This guy is full of hot air, and he is going into a whole bunch of redundant detail about nothing...he is like one of those guys that says, "No, that is not a motor, it is an engine" This is a tiny, behind-the-scenes change. We will still see bios setup menus that look virtually identical...they may say "press F10 for EUFI setup menu", but it will be the same thing.
"For consumers, the biggest noticeable change would be the start-up time of the computer. "At the moment it can be 25-30 seconds of boot time before you see the first bit of OS sign-on," he said. "With UEFI we're getting it under a handful of seconds.""

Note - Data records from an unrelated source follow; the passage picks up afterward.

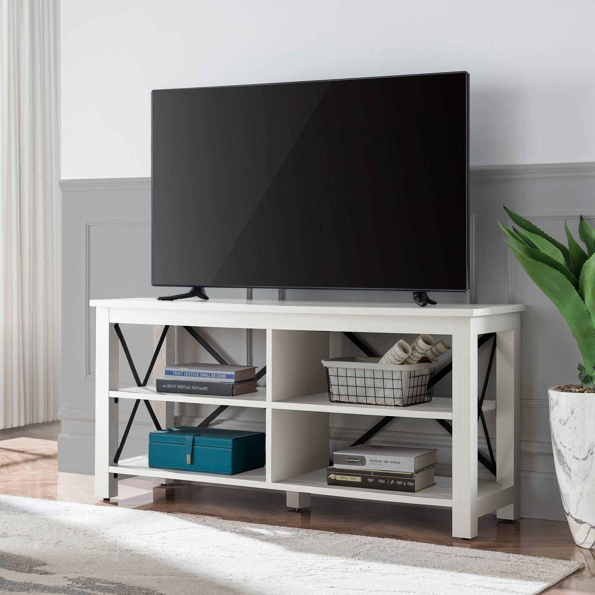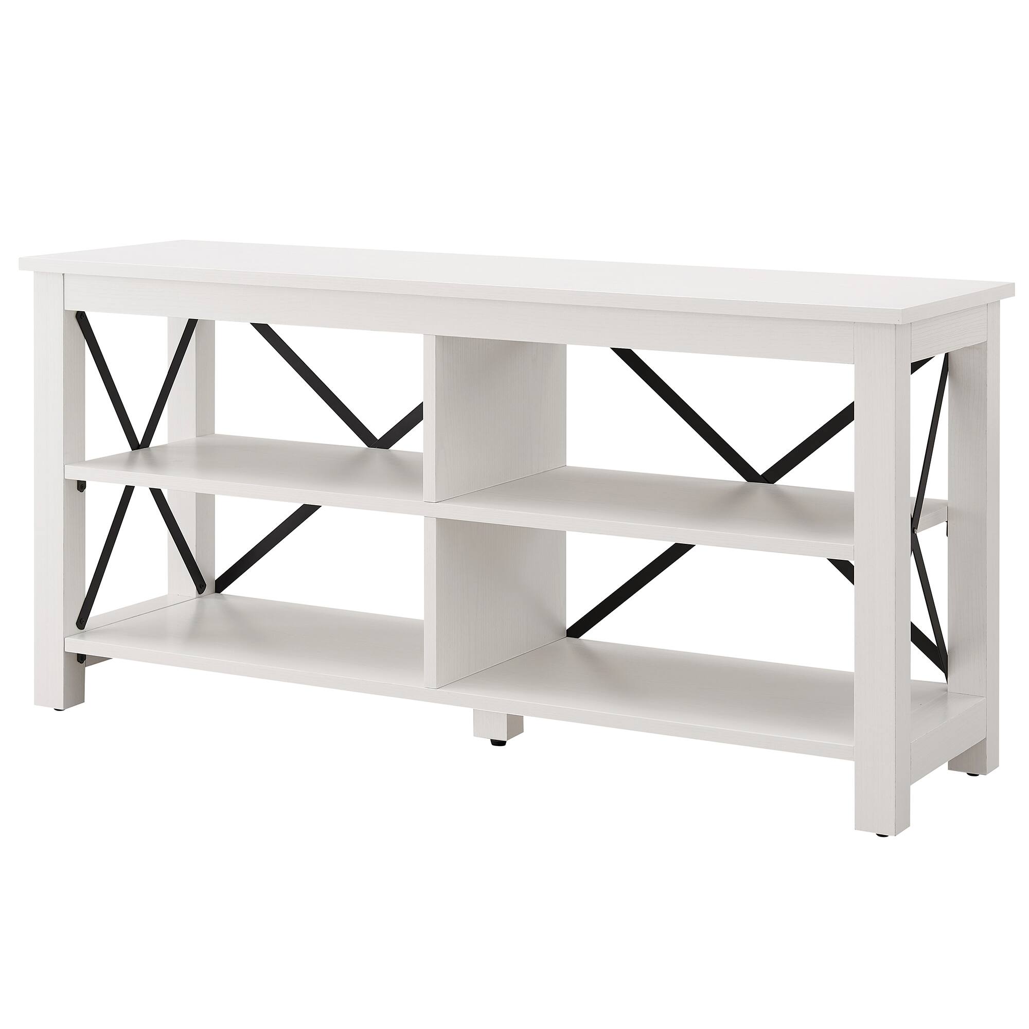- A:Answer This TV stand has four shelves.
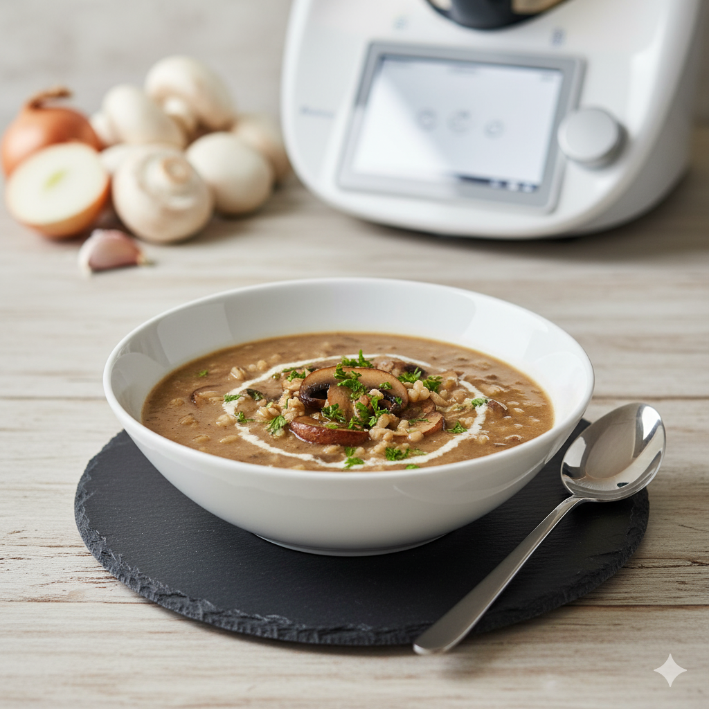 - Ajoutez les champignons émincés et faites cuire 5 minutes à 100°C, vitesse 1, sans le gobelet doseur pour permettre l’évaporation.
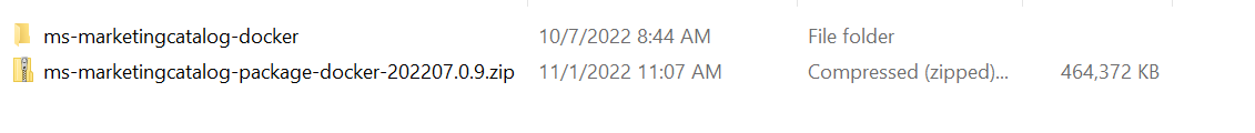 - Unzip the ms-marketingcatalog-package-docker-<release_number>.zip
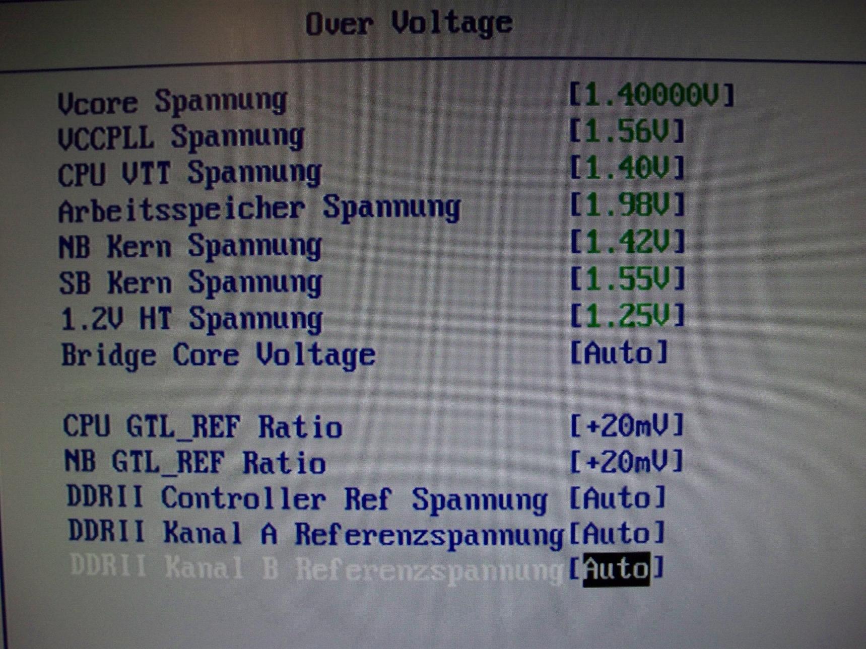 mit 1,4 V-core habe ich auch 3,2 zu laufen gehabt ,aber dazu müßten man noch mehr ändern, ist ja nur der Veruch die 2,69 zu knacken , und das sollte so hinhauen , denn diese 2,69 sind wirklich wie so eine Schallmauer bei dem Board mit der CPU .

What he is talking about here is not the actual sign-on prompt, but when you first see the windows loading screen, or actually, when the windows bootloader gets called. Yes, this can be over a minute on some machines with lots and lots of complex devices and staggered hard disk starts, but most PCs already do this in a handful of seconds. This really isn't a speed change, as EUFI will still need to detect drives and run the setup routines for any cards that may have drives...otherwise the OS can't replace bios functions because it can't load.
"Drive size limits that were inherent to the original PC design - two terabytes - are going to become an issue pretty soon for those that use their PC a lot for pictures and video,"
Those who still have PCs that only support 2TB and smaller drives probably won't rush out and buy new drives any time soon; these systems are ancient.
"He said that creators of the original BIOS only expected its lifetime to extend to about 250,000 machines. "They are as amazed as anyone else that now it is still alive and well in a lot of systems. It was never really designed to be extensible over time.""
Those people also thought that only universities and huge corporations would have computers, and that 250,000 machines would be the world supply for the next 50 years.